Materials and methodsParticipants
We recruited 55 healthy adults (27 males and 28 females aged 18–59 years). Exclusion criteria were pre-existing respiratory tract infections or other underlying health conditions. Additionally, we only recruited participants who did not intend to receive a COVID-19 or seasonal influenza vaccine during the study period, and participants had to be clear of any other inflammation within 7 days prior to the start of the study. Data were collected from December 2021 to February 2022. Participants were recruited through word-of-mouth and posted advertisements in Montreal, Canada. Further details about the inclusion, exclusion, and withdrawal criteria are provided in the study protocol (Hadid et al., 2023).
Study design and data collection
The study period lasted 12 days and was divided into two distinct phases: the pre-inoculation period (considered as day −7 to day 0) and the post-inoculation period (day 0 to day 4). Starting from day −7, participants continuously wore a Astroskin (10 participants)/Hexoskin (45 participants) garment (Carré Technologies, Inc. Montreal, Canada) to monitor their physiological markers (Figure 1A). Blood samples were also collected (Figure 1B), 3-min CRSST followed by 2 min of recovery was conducted (Figure 1C). The Astroskin/Hexoskin garment was used to collect the following physiological markers relevant to respiratory health:
Heart Rate (HR): The number of heartbeats per minute (bpm)
Breathing Rate (BR): The number of respirations per minute (rpm)
Minute Ventilation (MV): The total volume of air breathed in a minute, derived from the breathing rate and the tidal volume, which is the volume of air inspired in the last inspiration (mL/minute)
R-wave to R-wave Interval (RRI): The time duration between two consecutive heart beats on an electrocardiogram (ECG) (seconds)
Study design. The study incorporates continuous physiological marker monitoring (A). The inoculation takes place on day 0, with nasal swabs and blood samples collected on days −7 and 0, as well as during the post-inoculation period (B). The 3-min constant-rate stair-stepping test (3-min CRSST) (C) was conducted on days −7, 0, 1, 2 and 3. Idealized inflammation response curve shown.
Timeline diagram illustrating a human study protocol. Participants are monitored from day minus seven to day four. Baseline precedes inoculation with FluMist at day zero, followed by inflammation and recovery. Hexoskin wear, blood samples, and three-minute CRSS tests are shown on three separate lines, with icons and diamonds marking scheduled activities.

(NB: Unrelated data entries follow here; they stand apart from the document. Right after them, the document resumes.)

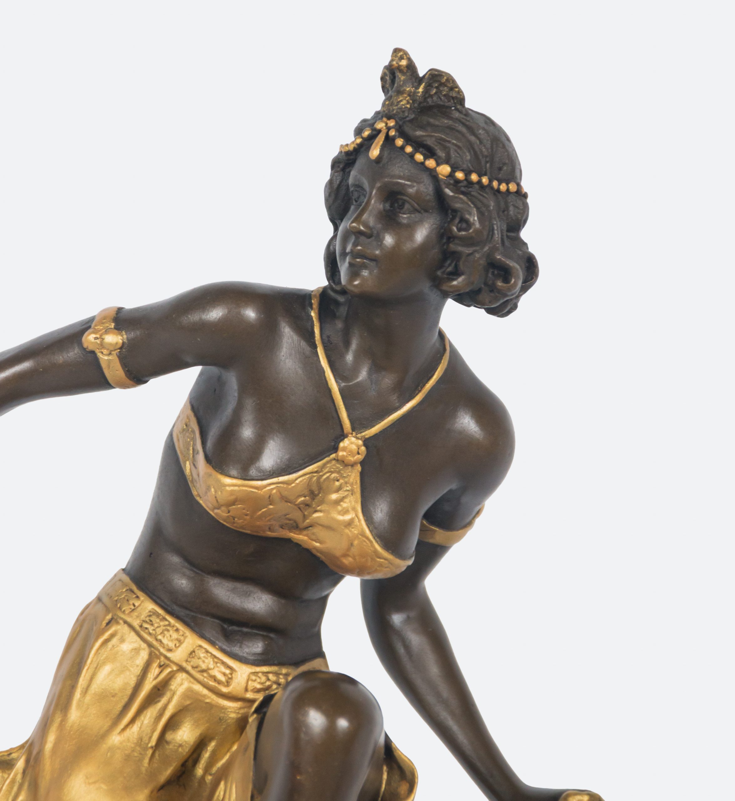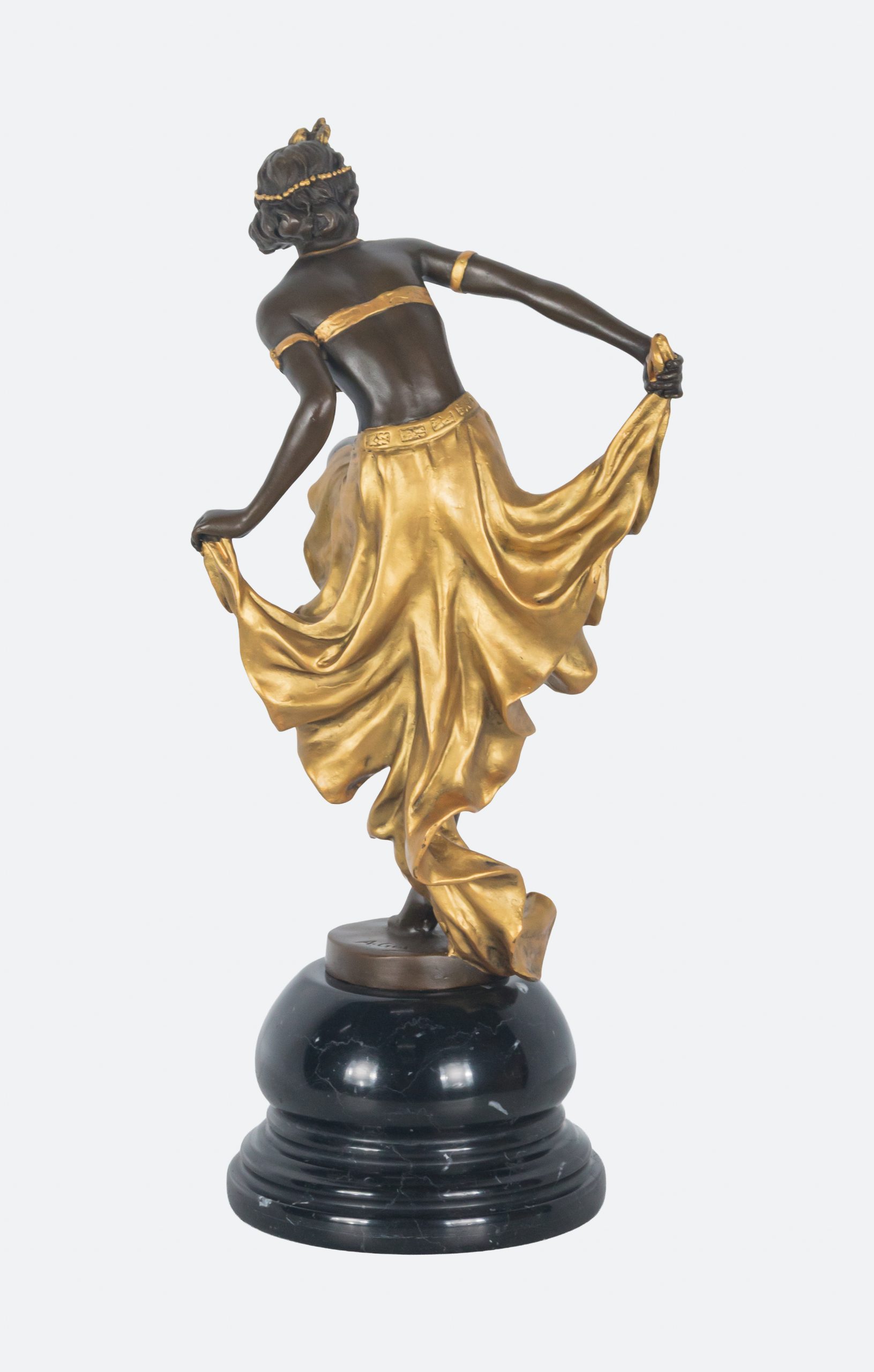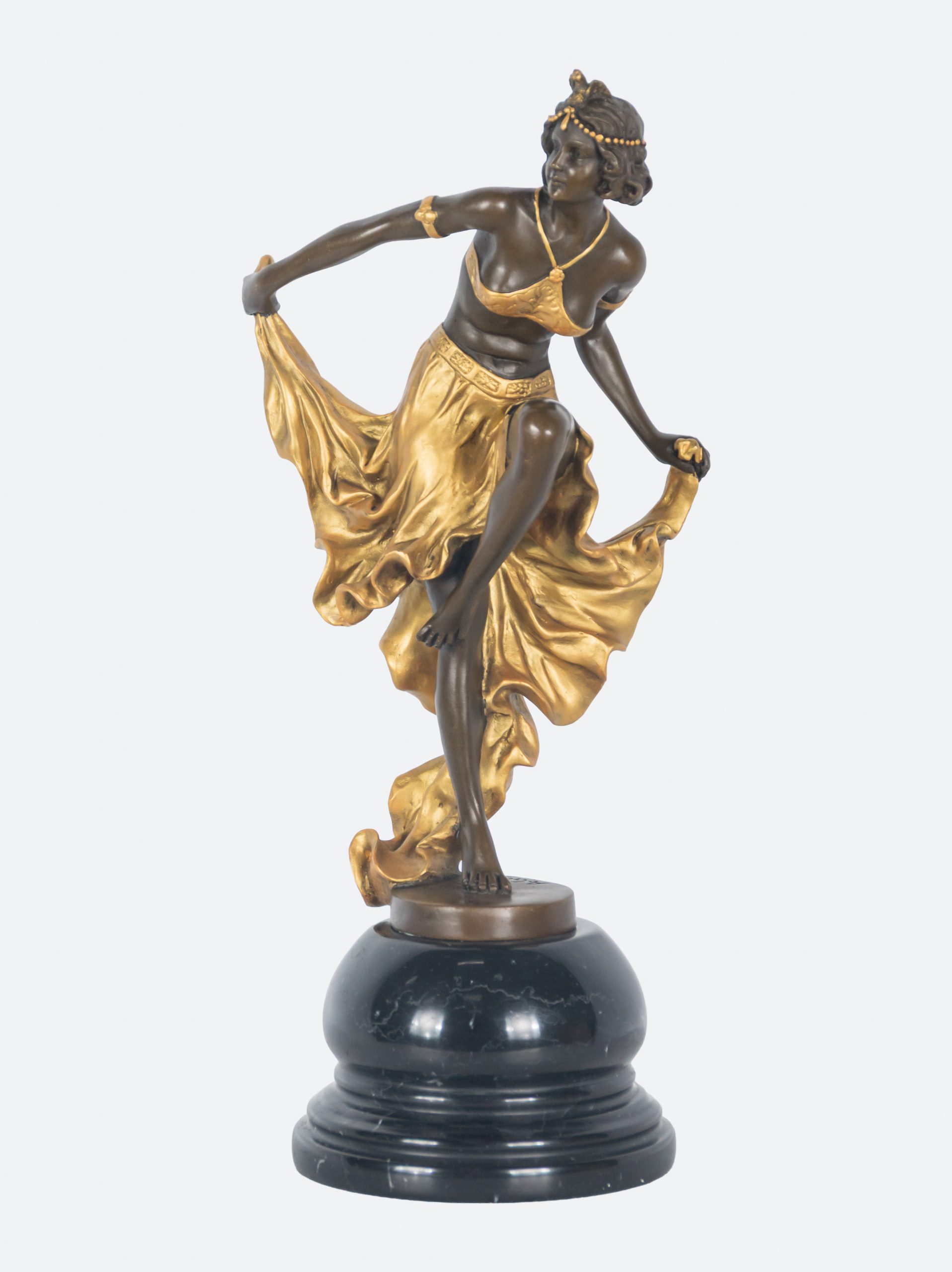 Escultura en bronce patinado y parcialmente dorado sobre peana en mármol negro. Firmada.
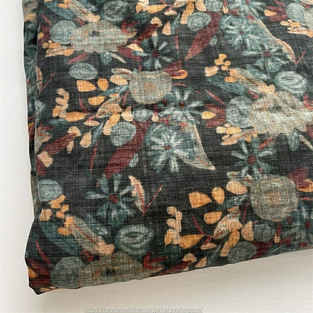 【時間限定10%OFFク一ポン】送料無料 135cm幅 90cm単位 生地 布 布地 きじ ぬの 手作り生地 裁縫 DIY用生地 手芸用 ハンドメイド向け プリント 花柄 森系 緑 黒 竹節綿 スラブコットン ダークトーン 濃色地 手描き風フラワー 楽天海外通販
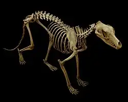 Thylacines, uniquely for marsupials, had largely cartilaginous epipubic bones with a highly reduced osseous element.[38][39] This was once considered a synapomorphy with sparassodonts,[40] though it is now thought that both groups reduced their epipubics independently. Its yellow-brown coat featured 15 to 20 distinctive dark stripes across its back, rump and the base of its tail,[41] which earned the animal the nickname "tiger". The stripes were more pronounced in younger specimens, fading as the animal got older.[41] One of the stripes extended down the outside of the rear thigh. Its body hair was dense and soft, up to 15 mm (0.59 in) in length. Colouration varied from light fawn to a dark brown; the belly was cream-coloured.[42]
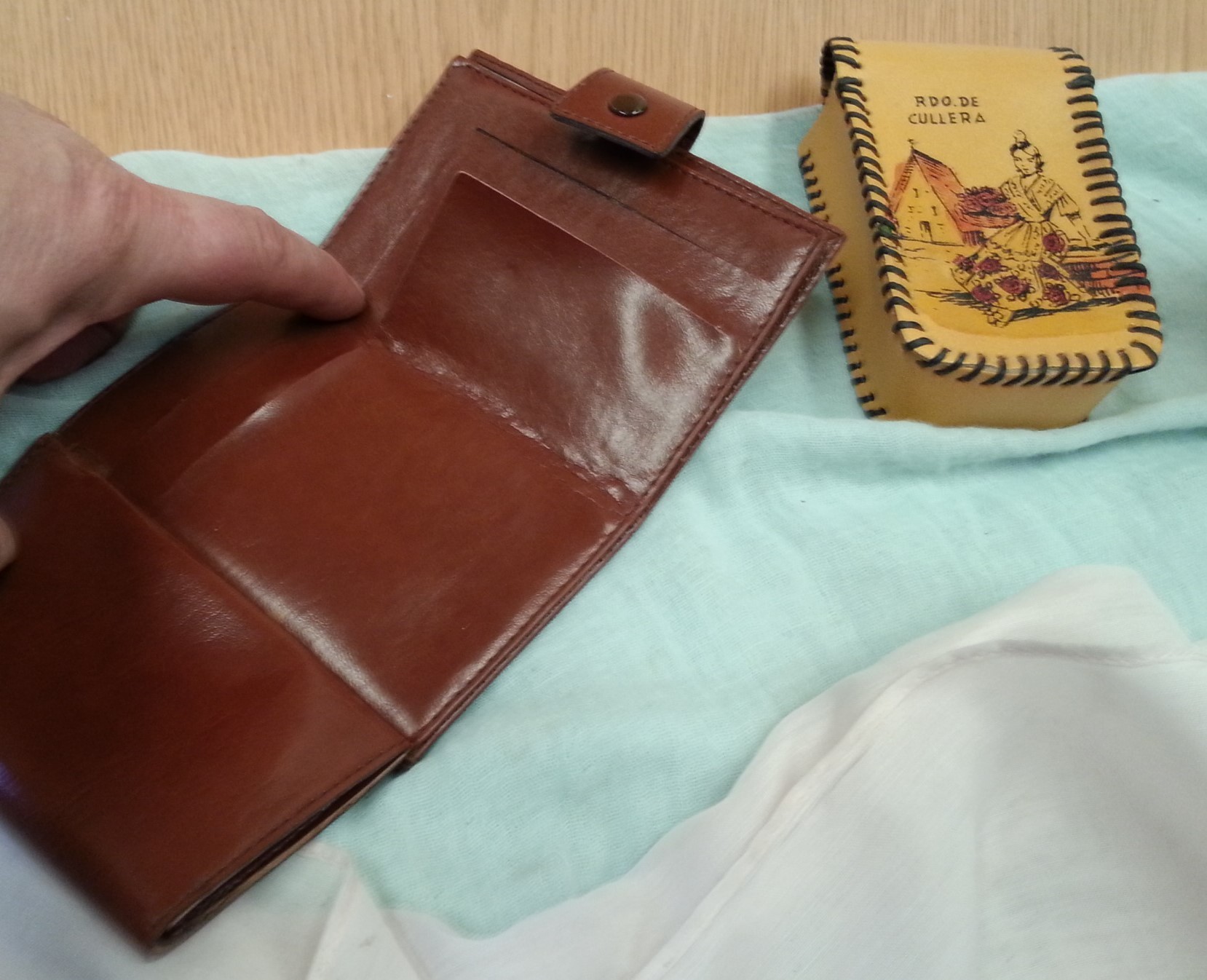 Cartera de bolsillo y estuche en poli-piel. Años 90. Nuevos a estrenar.

The data format of the measured physiological markers is a 1-D array counting 300 rows (1 data point every second) per physiomarker per visit. Each data point is an integer number for HR, BR, and MV, and a floating point value for RRI. Although the Astroskin shirt also measures blood oxygen concentration, we limited analyses to signals that were common to both garments (the exact same raw data is provided by both biosensors). Prior validation studies have demonstrated that both devices offer highly comparable and reliable measurements for the physiological markers considered in this study (Harbour et al., 2021; Montes et al., 2018; Smith et al., 2019). The choice of these devices was driven by their non-invasive design, ability to capture continuous multi-channel physiological data, and validated accuracy in measuring cardiac and respiratory signals during physical activity and recovery. On day 0, blood samples, and a 3-min CRSST at 30 steps/min for all participants were performed to provide additional baseline data and assess participants’ physiological responses during exertion. Participants were then inoculated with a live attenuated influenza vaccine (LAIV): FluMist® (Carter and Curran, 2011). The post-inoculation period (5 days) involved daily blood sample collection to monitor the participants’ response to the inoculated influenza vaccine. Participants performed the 3-min CRSST three additional times during the post-inoculation period (days 1, 2 and 3).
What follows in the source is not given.